> **YOUR ASSIGNMENT**
Required from the data below: the exact lines starting at the line containing "Najuspešnejša in najgrozovitejša" and ending at the line containing "アウトブレイク警戒システム研修", with both ends kept and all pictures dropped.

> **THE DATA**
########################################

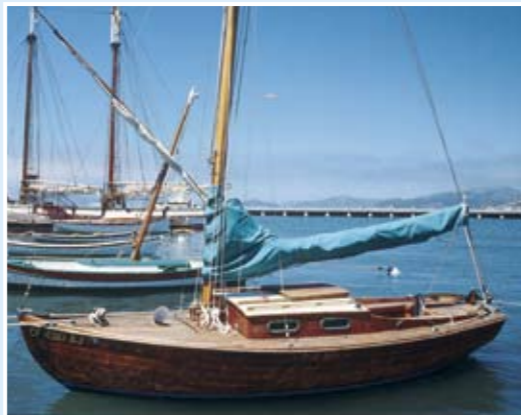
在Hyde Street碼頭東邊停泊的小船。
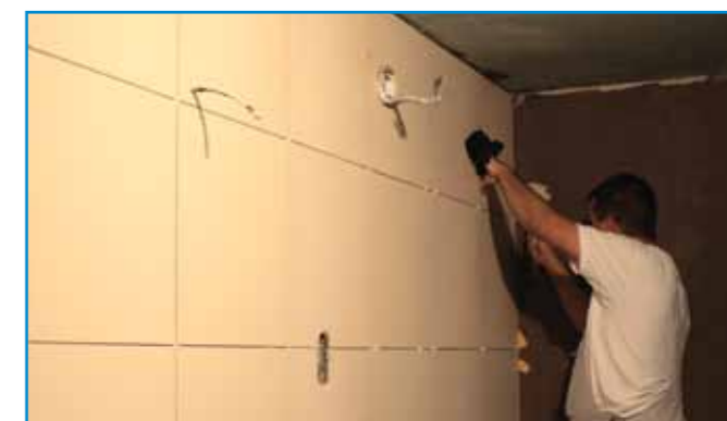
Nehéz, nagyméretű lapok ragasztása is egyszerűen, lecsúszásmentesen megoldható.
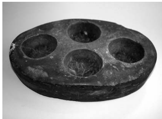
Fig. 10. Olielampe, romansk (s. 6349). I Horsens Museum. – Oil lamp, Romanesque.

Den korsfæstede Frelser flankeres af Maria og Johannes. I baggrunden Jerusalem, vist som en nordeuropæisk by med talrige kirketårne og -spir. Mellem Golgatha og byen løber Kedrons bæk(?), som krydses af en træbro. På korset en seddel med Jesumonogrammet, skrevet med store
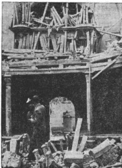
Bombe so dobro zadele svoj cilj

Najuspešnejša in najgrozovitejša vrsta bombarderjev so težki bombniki, tako zvane »leteče trdnjave«, ki so enokrillni štirimotorni avioni z
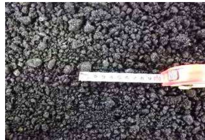
製品【再生密粒度アスコン(13)50回】
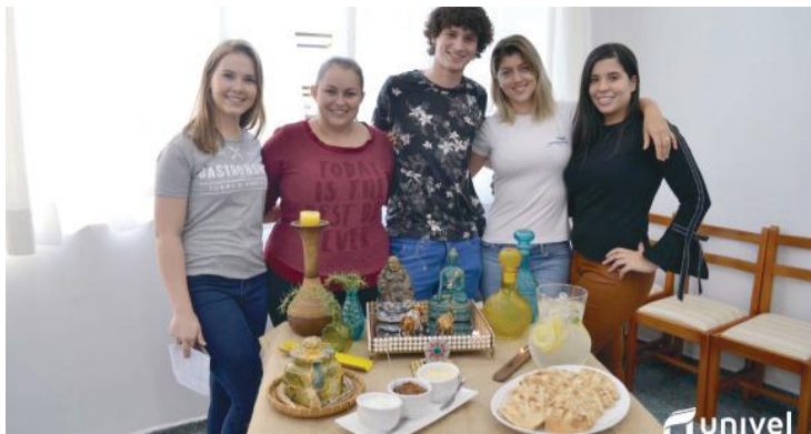
Alunos do curso de Gastronomia da Univel em aula prática na disciplina de História da Gastronomia Antiga e Medieval
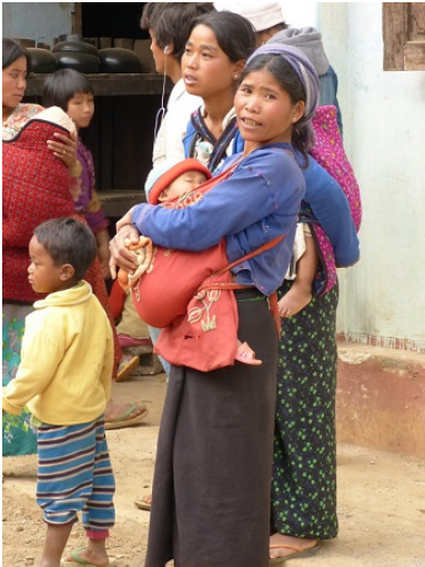
ကွတ်ခိုင်ရှိ နေရပ်စွန့်ခွာတိမ်းရှောင်သူစခန်းမှ မိသားစုများ၊ ဖေဖော်ဝါရီ ၂၀၁၅။

ရှမ်းပြည်နယ်မြောက်ပိုင်းနေရာအချို့တွင် ဒေသတွင်း တိုက်ပွဲများနှင့် လုံခြုံရေးအခြေအနေများကြောင့် နေရပ်စွန့်ခွာတိမ်းရှောင်မှုများ ထပ်မံဖြစ်ပေါ်ခဲ့ပြီး လူသားချင်းစာနာမှုဆိုင်ရာ အကူအညီပေးရေးလုပ်ငန်း များ ထိခိုက်ခဲ့သည်။ ထိုဒေသများရှိ ပြည်တွင်းနှင့် နိုင်ငံတကာ လူသားချင်းစာနာမှုဆိုင်ရာ အကူအညီ ပေးရေးအဖွဲ့အစည်းများ၏ ပြောကြားချက်များအရ ကွတ်ခိုင်၊ သိန်းနီ၊ မူဆယ်နှင့်နမ့်ခမ်း မြို့နယ်များအပါ အဝင်နေရာများတွင် ဖေဖော်ဝါရီလအတွင်း ရာနှင့်ချီသော လူများ ထပ်မံနေရပ်စွန့်ခွာတိမ်းရှောင်ခဲ့ရသည်။ ရှမ်းပြည်နယ် မြောက်ပိုင်း၊ မိုးမိတ်မြို့နယ်တွင် မြန်မာ့ တပ်မတော်နှင့် ပလောင်အမျိုးသား လွတ်မြောက်ရေး တပ်မတော်တို့ အကြား ဖြစ်ပွားခဲ့သည့် တိုက်ပွဲများကြောင့် မန္တလေးတိုင်းဒေသကြီး အတွင်းရှိ မိုးကုတ်မြို့သို့ လူပေါင်း ၆၀၀ ကျော် နေရပ် စွန့်ခွာ တိမ်းရှောင် ခဲ့ရသည်။ ပြည်နယ်အကာကပိုင်များ၏ ပြောကြား ချက်အရ မိုးကုတ် ဒေသသို့ နေရပ်စွန့်ခွာ တိမ်းရှောင်ခဲ့သူ အားလုံး ဖေဖော်ဝါရီလကုန်တွင် ၎င်းတို့၏ မူလနေရပ်သို့ ပြန်သွားပြီ ဖြစ်သည်။
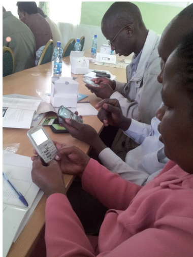
アウトブレイク警戒システム研修
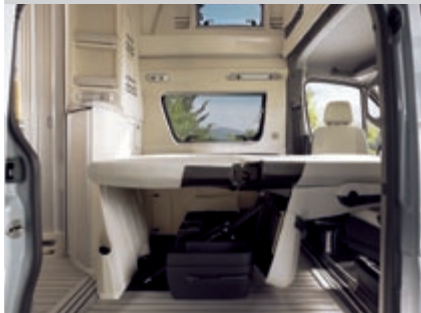
Die einteilige Sitzbank bietet zwei Personen bequem Platz und wird im Nu zum Doppelbett: Fahrer und Beifahrersitz um 90° drehen, Sitzbank entriegeln, Rückenlehne umklappen, Polster herunterklappen – fertig!
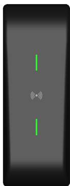
LED Verte Accès autorisé
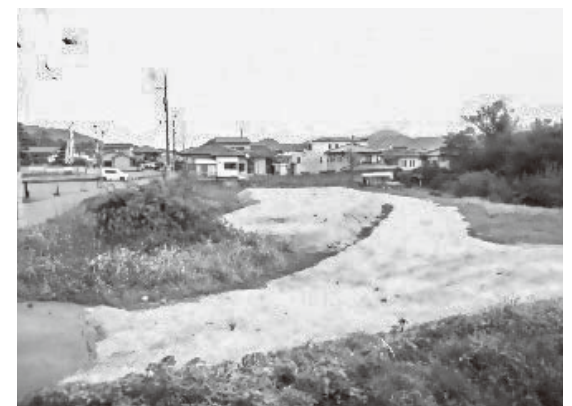
▲売却可能な町有財産(川角一丁目641番1)

ふるさと納税の寄付金や町有地売却などの収入を活用して、財政運営の健全性を確保する。

########################################

> **ANSWER BOX**
Najuspešnejša in najgrozovitejša vrsta bombarderjev so težki bombniki, tako zvane »leteče trdnjave«, ki so enokrillni štirimotorni avioni z
製品【再生密粒度アスコン(13)50回】
Alunos do curso de Gastronomia da Univel em aula prática na disciplina de História da Gastronomia Antiga e Medieval
ကွတ်ခိုင်ရှိ နေရပ်စွန့်ခွာတိမ်းရှောင်သူစခန်းမှ မိသားစုများ၊ ဖေဖော်ဝါရီ ၂၀၁၅။

ရှမ်းပြည်နယ်မြောက်ပိုင်းနေရာအချို့တွင် ဒေသတွင်း တိုက်ပွဲများနှင့် လုံခြုံရေးအခြေအနေများကြောင့် နေရပ်စွန့်ခွာတိမ်းရှောင်မှုများ ထပ်မံဖြစ်ပေါ်ခဲ့ပြီး လူသားချင်းစာနာမှုဆိုင်ရာ အကူအညီပေးရေးလုပ်ငန်း များ ထိခိုက်ခဲ့သည်။ ထိုဒေသများရှိ ပြည်တွင်းနှင့် နိုင်ငံတကာ လူသားချင်းစာနာမှုဆိုင်ရာ အကူအညီ ပေးရေးအဖွဲ့အစည်းများ၏ ပြောကြားချက်များအရ ကွတ်ခိုင်၊ သိန်းနီ၊ မူဆယ်နှင့်နမ့်ခမ်း မြို့နယ်များအပါ အဝင်နေရာများတွင် ဖေဖော်ဝါရီလအတွင်း ရာနှင့်ချီသော လူများ ထပ်မံနေရပ်စွန့်ခွာတိမ်းရှောင်ခဲ့ရသည်။ ရှမ်းပြည်နယ် မြောက်ပိုင်း၊ မိုးမိတ်မြို့နယ်တွင် မြန်မာ့ တပ်မတော်နှင့် ပလောင်အမျိုးသား လွတ်မြောက်ရေး တပ်မတော်တို့ အကြား ဖြစ်ပွားခဲ့သည့် တိုက်ပွဲများကြောင့် မန္တလေးတိုင်းဒေသကြီး အတွင်းရှိ မိုးကုတ်မြို့သို့ လူပေါင်း ၆၀၀ ကျော် နေရပ် စွန့်ခွာ တိမ်းရှောင် ခဲ့ရသည်။ ပြည်နယ်အကာကပိုင်များ၏ ပြောကြား ချက်အရ မိုးကုတ် ဒေသသို့ နေရပ်စွန့်ခွာ တိမ်းရှောင်ခဲ့သူ အားလုံး ဖေဖော်ဝါရီလကုန်တွင် ၎င်းတို့၏ မူလနေရပ်သို့ ပြန်သွားပြီ ဖြစ်သည်။
アウトブレイク警戒システム研修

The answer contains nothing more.